- Born: South Wales, United Kingdom
- Occupation: Conductor

= Huw Edwards (conductor) =

Welsh conductor

Huw Edwards is a Welsh conductor. Edwards' conducting career began at age seventeen when he became music director of the Maidstone Opera Company in England. He later attended the University of Surrey, where he conducted the college orchestra along with an ensemble that he formed himself. At age twenty-three, he won a conducting competition which sent him to Southern Methodist University in Dallas, Texas. He then held a lecturer position at Northwestern University in Chicago, where he was also a doctoral candidate. Edwards was conductor and music director of the Portland Youth Philharmonic from 1995 to 2002 followed by the Seattle Youth Symphony from 2002 to 2005. He served as music director of the Portland Columbia Symphony from 2000 to 2012 and with the Olympia Symphony Orchestra from 2003 to 2020.

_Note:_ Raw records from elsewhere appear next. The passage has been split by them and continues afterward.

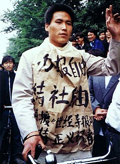 Wu Gan is a Chinese blogger and human rights activist from Fuqing, Fujian who uses the internet name "Super Vulgar Butcher" or "Butcher Wu Gan", and is known for his provocative signs and banners in support of his protests. He was sentenced to eight years in prison in December 2017 for subversion of state power, and is currently incarcerated in Qingliu Prison in Fujian.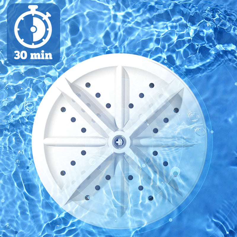 INTELLIGENT WATER SENSOR - The portable mini washing machine comes with an intelligent water sensor that automatically turns the machine on when it is placed face up in water. After 30 minutes of operation, the machine will automatically turn off.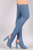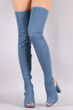 These stylish boots feature a peep toe, non-stretch tight fitted denim shaft, open heel counter, and cushioned insole. Finished with a wrapped chunky heel and partial inside zip closure.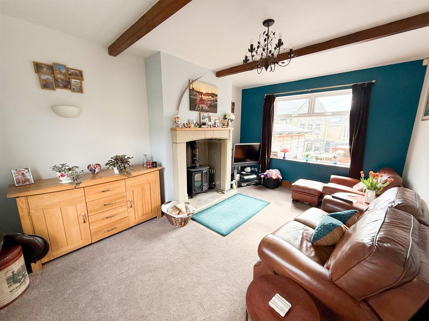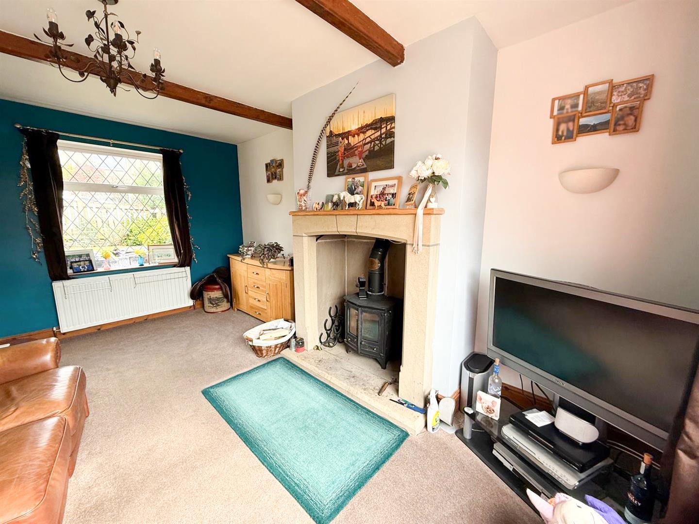 Step through the welcoming front door into a bright entrance hall, where an enclosed staircase rises to the first floor. To the left, you’ll find the warm and inviting sitting room, flooded with natural light from dual-aspect windows that overlook the surrounding gardens. A charming feature fireplace with a multi-fuel stove forms the heart of the room, complemented by characterful ceiling beams that add a rustic touch.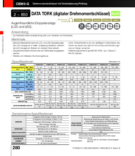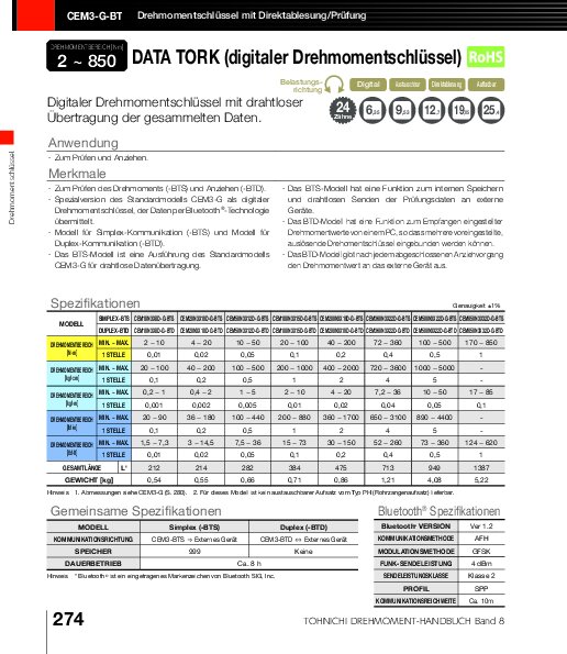 - BTS-Modell: Eigentlich eine Variante des CEM3-G mit drahtloser Datenübertragung. Bietet die Funktion, die geprüften Daten im Werkzeug zu speichern und drahtlos an ein externes Gerät zu senden.

==Early life and education==

Seeing Claudio Abbado conduct an opera at Royal Covent Garden in London when I was 11; I was sat on the side of the theater so I could see into the pit. I was totally mesmerized with this man with a white stick and even though he was not making any sounds, he was controlling the sounds and music. It obviously struck a nerve deep inside of me.
— —Edwards on the origin of his career

Born in South Wales, Edwards moved with his parents to England and sang in choirs as a child. He witnessed his first opera (Giuseppe Verdi's Un ballo in maschera) at eleven years old when his parents took him to the Royal Opera House in Covent Garden. Seven years later, he was conducting Gilbert and Sullivan's operetta H.M.S. Pinafore on that same podium. Edwards played violin and trumpet through grammar school and high school but abandoned performance for conducting.

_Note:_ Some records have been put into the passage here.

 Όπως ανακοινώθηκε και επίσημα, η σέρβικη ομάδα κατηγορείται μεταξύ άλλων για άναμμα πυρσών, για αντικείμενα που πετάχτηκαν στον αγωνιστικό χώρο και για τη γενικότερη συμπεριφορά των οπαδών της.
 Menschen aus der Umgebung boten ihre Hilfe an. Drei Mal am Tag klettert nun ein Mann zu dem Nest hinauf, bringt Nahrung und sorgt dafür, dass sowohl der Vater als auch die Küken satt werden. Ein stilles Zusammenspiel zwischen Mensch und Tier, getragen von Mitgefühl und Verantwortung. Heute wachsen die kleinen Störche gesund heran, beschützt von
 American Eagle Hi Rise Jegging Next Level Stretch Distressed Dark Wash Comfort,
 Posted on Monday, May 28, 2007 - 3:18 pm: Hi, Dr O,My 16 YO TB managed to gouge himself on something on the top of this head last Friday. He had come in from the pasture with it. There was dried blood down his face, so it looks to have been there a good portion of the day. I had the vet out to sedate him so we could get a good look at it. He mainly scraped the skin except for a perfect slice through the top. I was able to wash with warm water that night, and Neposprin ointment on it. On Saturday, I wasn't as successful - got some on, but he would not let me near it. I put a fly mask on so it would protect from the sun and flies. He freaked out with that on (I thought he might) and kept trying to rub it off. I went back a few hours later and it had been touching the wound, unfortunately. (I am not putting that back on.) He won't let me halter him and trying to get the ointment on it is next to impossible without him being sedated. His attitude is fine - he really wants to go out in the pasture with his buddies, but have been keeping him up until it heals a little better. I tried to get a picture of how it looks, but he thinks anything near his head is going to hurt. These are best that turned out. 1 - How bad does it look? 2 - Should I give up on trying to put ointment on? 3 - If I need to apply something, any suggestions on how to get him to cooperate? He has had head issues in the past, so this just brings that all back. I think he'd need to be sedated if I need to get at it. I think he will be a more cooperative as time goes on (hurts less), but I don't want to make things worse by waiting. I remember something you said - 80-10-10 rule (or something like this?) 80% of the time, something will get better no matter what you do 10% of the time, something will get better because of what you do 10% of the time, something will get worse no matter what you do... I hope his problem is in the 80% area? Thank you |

Edwards has been conducting since age seventeen when he became music director of the Maidstone Opera Company in England, a position he held for six years. Edwards attended the University of Surrey, where he conducted the college orchestra along with an ensemble that he formed himself. He won a conducting competition in 1988 which sent him to Southern Methodist University in Dallas, Texas at twenty-three years old. There he experienced "culture shock", being "accustomed to the rolling hills of England and the cosmopolitan buzz of London". He held a lecturer position at Northwestern University in Chicago, where he was also a doctoral candidate. Four years later he moved to the Pacific Northwest. Throughout his lifetime, Edwards has received instruction from Anshel Brusilow (Dallas), chorus leader Simon Johnson (London), Eduardo Mata, Barry Wordsworth, and Victor Yampolsky (Northwestern University).

==Career==
Prior to joining the Portland Youth Philharmonic, Edwards had written extensively about music. He contributed to Stagebill in Chicago, Dallas, London and Washington, D.C. and wrote program notes for Daniel Barenboim, Yo-Yo Ma and the Guarnari Quartet. He had also conducted opera and orchestras throughout Australia, Canada, Hong Kong, Japan, New Zealand, the United Kingdom, and the United States. Edwards has performed with the Annas Bay Opera, Dallas Symphony Orchestra, Eugene Symphony, Memphis Symphony Orchestra, Oregon Symphony, Rose City Chamber Orchestra, Vancouver Symphony Orchestra, Wisconsin Chamber Orchestra, and Yakima Symphony. He has been invited to speak at the American Symphony Orchestra League convention in Boston and assisted with the organisation's "Meet for the Millennium" project.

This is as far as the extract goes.